В случае с Брюсовым дело обстояло несколько сложнее, ибо в его практике пристальное внимание к оккультизму сочеталось с сознательной фальсификацией оккультных явлений. Мне уже приходилось говорить о том, как он, фальсифицируя «явления» во время спиритических сеансов, одновременно всеми силами выражает уверенность в их существовании и ведет дневники сеансов, тщательно хранит записи впечатлений А. А. Ланга от транса и пр.8 Психологические мотивы такого поведения, естественно, не могут быть истолкованы сколько-нибудь однозначно, но в качестве гипотезы, работающей в контексте темы нашей конференции, хотелось бы предложить такой вариант: медиумическое состояние для него является такой же высшей точкой проявления личности, как и все прочие предельные состояния, среди которых особо выделяется страсть (во время этих фальсифицируемых сеансов он, как то выразительно и предельно откровенно, до непристойности, описано в дневнике, устанавливает интимные контакты с нравящейся ему девушкой). Рождение поэзии требует от него максимального выплеска духовной энергии, разбудить которую может страсть, общение с духами, а в другие моменты, также подробно описанные в дневнике, — и природа, и искусство, и многое прочее, вплоть до подобия политической активности. Все это, на мой взгляд, свидетельствует о том, что в психологии Брюсова уживалось типично интеллигентское представление о человеческой природе, столь выразительно описанное Булгаковым, с отчетливым осознанием того, что ответ на все «проклятые вопросы» должен быть принципиально не таким, каким он бывал у интеллигентов и интеллигенции в целом.
————————
7 РГБ. Ф. 358. Карт. 254. Ед. хр. 26. Л. 5 об.-б. Письмо от 12 августа не обозначенного года.
8 См.: Богомолов Н. А. К семантике слова «декадент» у молодого Брюсова // Пятые Тыняновские чтения: Тезисы докладов и материалы для обсуждения. Рига, 1988.
Так, например, в высшей степени показательно, что характернейшему для интеллигенции морализму Брюсов противопоставляет осознанный аморализм, в котором штампы романтического мышления первой половины XIX века, в наибольшей степени восходящие к примитивно понятому Лермонтову, сочетаются со вполне бытовым сексуальным поведением, характерным для его собственного времени, только иногда приобретающим эксцессивный характер. То же относится и к регулярному потреблению алкоголя (ср. слова Вл, Ходасевича о коньяке как «„национальном” напитке московского символизма»9), тем не менее решительно разделяющемуся по функции: одно дело выпивка за семейным обедом или в гостях у родительских друзей, и совсем иное — с Бальмонтом или Балтрушайтисом, что превращается в «открывание бездн». Не буду цитировать многочисленные строки дневника конца 90-х годов, подтверждающие мою мысль, обращу внимание лишь на описание визита Бальмонта в Москву в конце 1902 году, когда уже переменившийся Брюсов как будто смотрит на самого себя с известного временного расстояния: «Недавно в Москве был Бальмонт. Я провел с ним 36 часов. Бальмонт осуществил в себе то, о чем я мечтал бывало. Он достиг свободы от всех внешностей и условностей. Его жизнь подчиняется только прихоти его мгновения. <…> За полтора суток прошло передо мной по меньшей мере с десяток драм (конечно, любовных) <…> Он ликовал, рассказывал мне длинные серии все того же—о соблазненных, обманутых и купленных женщинах. Потом мы всячески опьяняли себя, и были пьяны, и совершали разные „безумные” поступки. <…> Еще неделя, он уехал в Париж, чтобы искать новых опьяняющих и новых женщин. А я остался и уже навсегда знаю, что это не для меня»10.

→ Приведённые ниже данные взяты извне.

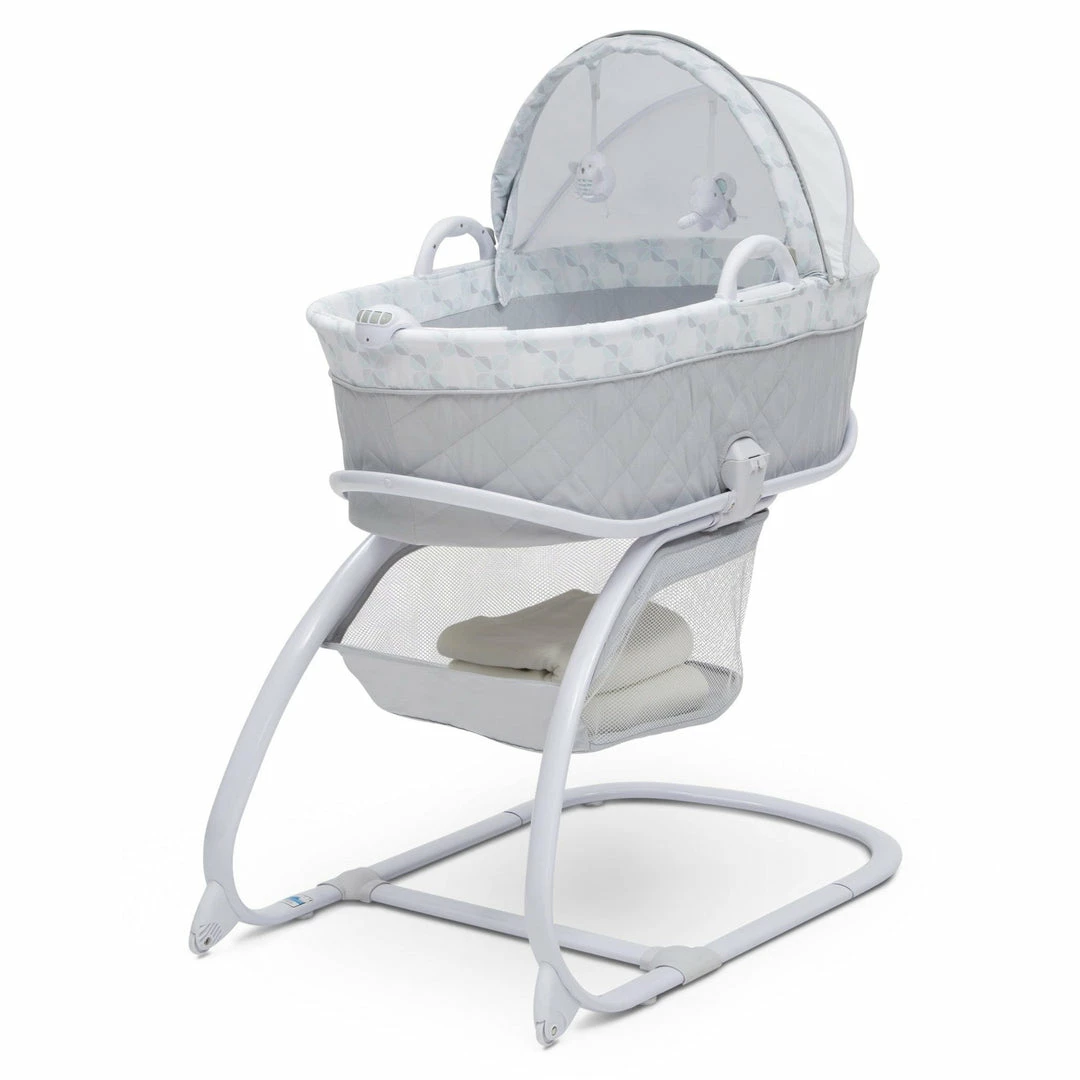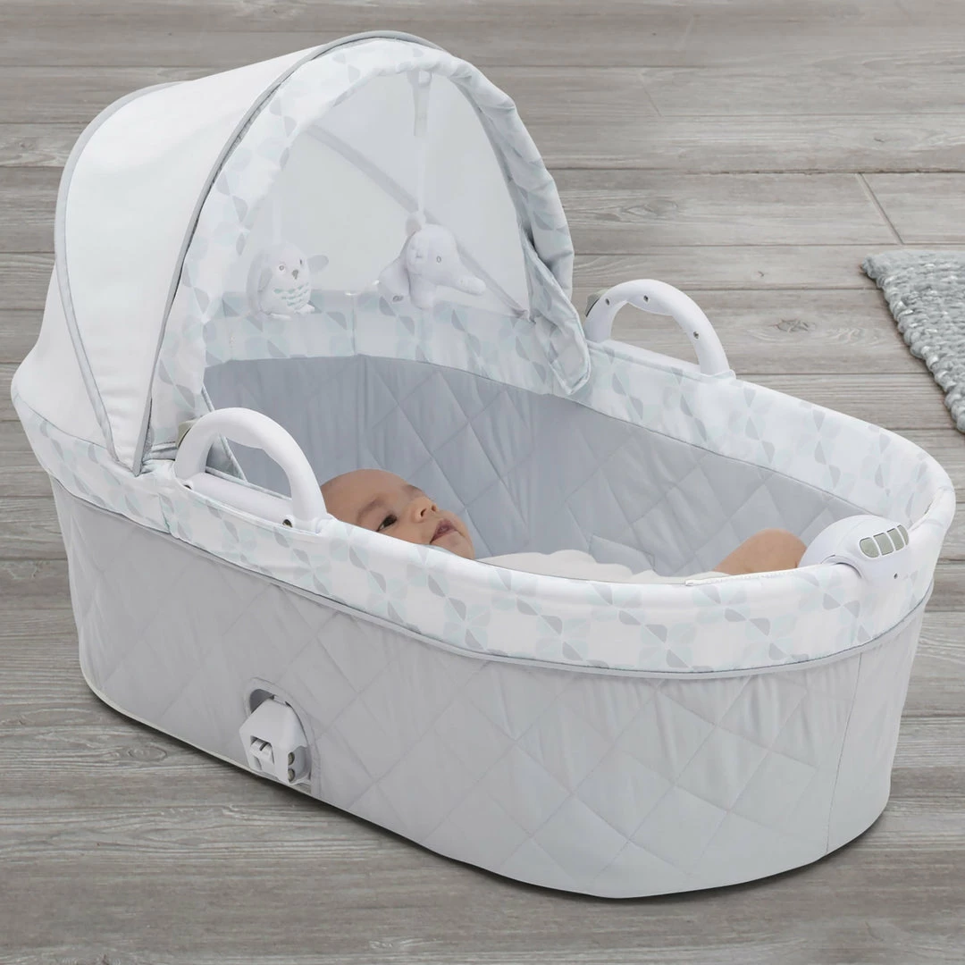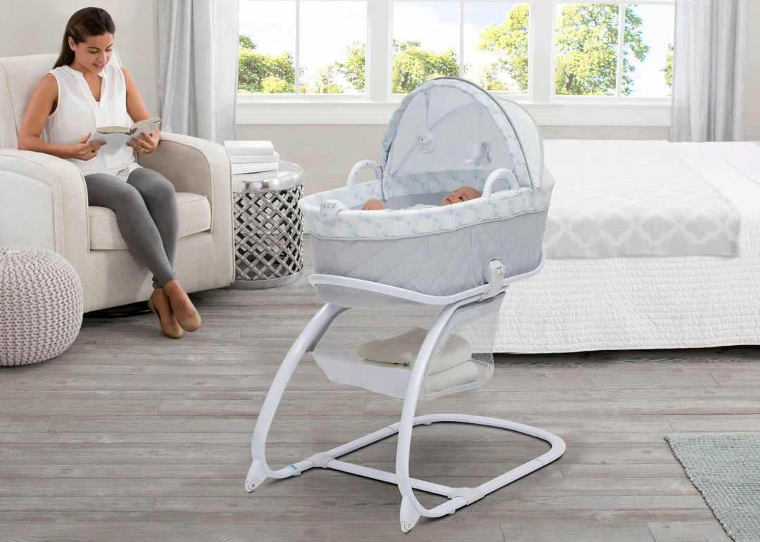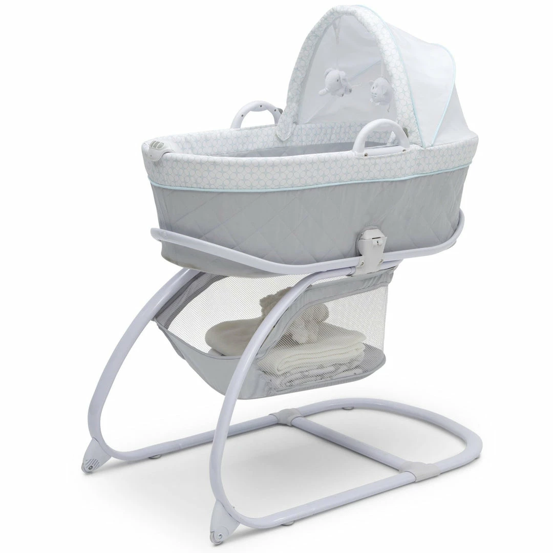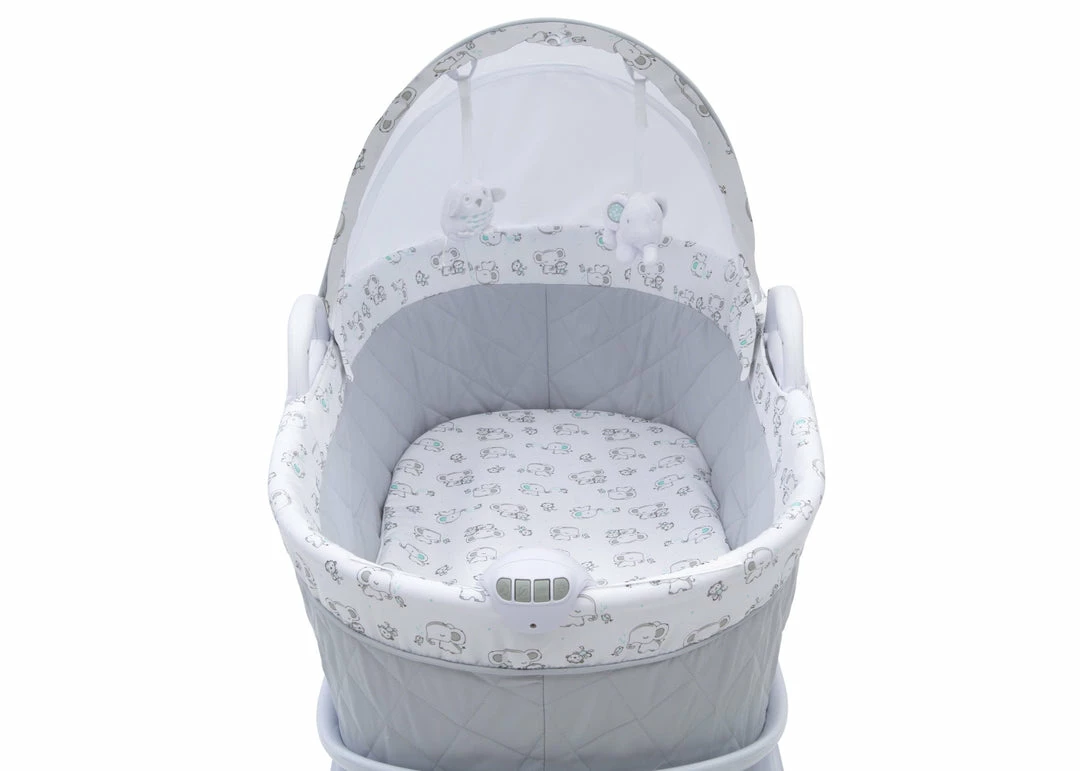 The Deluxe Moses Bassinet from Delta Children is a comfortable sleep space for newborns that combines a Moses basket with a standard bassinet. The adorable Moses basket safely attaches to the bassinet frame, and can be easily removed, so you can keep your baby nearby as you move around the house. To calm your newborn, the attached electronic pod plays peaceful music or emits gentle vibrations while two plush hanging toys attached to the canopy will stimulate Baby’s visual senses if they wake. A soft nightlight will help you check in on your little one without disturbing them, and an easy-to-reach storage basket keeps blankets, diapers or other supplies nearby. The bassinet’s adjustable canopy offers light blocking protection for daytime naps. A great first sleep space for your baby, the Deluxe Moses Bassinet from Delta Children is a versatile option that works in your bedroom, the living room, the kitchen, or anywhere else in the house you may go.

Таким образом, с самого начала русского «декадентства» разнообразные виды девиантного поведения были занесены на его скрижали как символическое отличие от традиции, подразумеваемой каноном поведения всех прочих социальных групп, в том числе и интеллигенции. Но поскольку любой писатель автоматически причислялся к интеллигенции как читателями, так и самими интеллигентами, реакция символистов на сумму ценностей русской интеллигенции ощущалась особенно остро. В традиционной печати это вызывало обвинения в психопатии или рассчитанном предательстве традиционной системы ценностей, в кругу же самих символистов такое поведение становилось знаковым. При этом символичное поведение могло, естественно, проявляться на самых различных уровнях. Так, например, в том самом письме. которое я цитировал чуть выше. Брюсов говорил: «Совершенно искренне, перед самой последней встречей с вами, я искал связей с теми, кто мечтает о баррикадах. Не потому, конечно, чтобы я верил в их катехизис, а ради того, что они обещают хоть разрушение. <…> Я просто „навязываюсь” вам в ученики. Придите и возьмите. За мной то преимущество, что я почитаю возможной вашу истину. Если вы будете говорить с матерьялистом или атеистом, вам придется много тратить слов на такое, что для меня давно решено, и именно
—————————-
9 Ходасевич Владислав. Собр. соч. М„ 1997. Т. 4. С. 28
10 Российский литературоведческий журнал. 1994. № 5/6. С. 290
в вашем смысле. Мне так привычно с тайнами, откровение, со всем, что вне разума. И так я презираю этот самый разум. Но… Вы мне скажете, что это-то и дурно, что вы предпочитаете ярого врага, но убежденного, отрицающего, но страстного, не хотящего тайны, но тем самым способного увидеть ее. А тот, скажете вы, кто ее видел и не признал, уже безнадежен… » 11 Здесь с полной отчетливостью вырисовывается перспектива выхода из ряда какой угодно ценой. Потому, кстати сказать, столь органичным для Брюсова было колебание между крайней революционностью и столь же крайним консерватизмом: суть была в определении, а не в определяемом слове.
Но вариант Брюсова были лишь одним из довольно многочисленных, представлявшихся ранним символизмом, а отчасти и соположенными с ним явлениями, к рассмотрению которых я позволю себе перейти, поскольку они могут яснее определить специфичность «творческого самосознания» деятелей культуры модернистского круга на фоне прочих.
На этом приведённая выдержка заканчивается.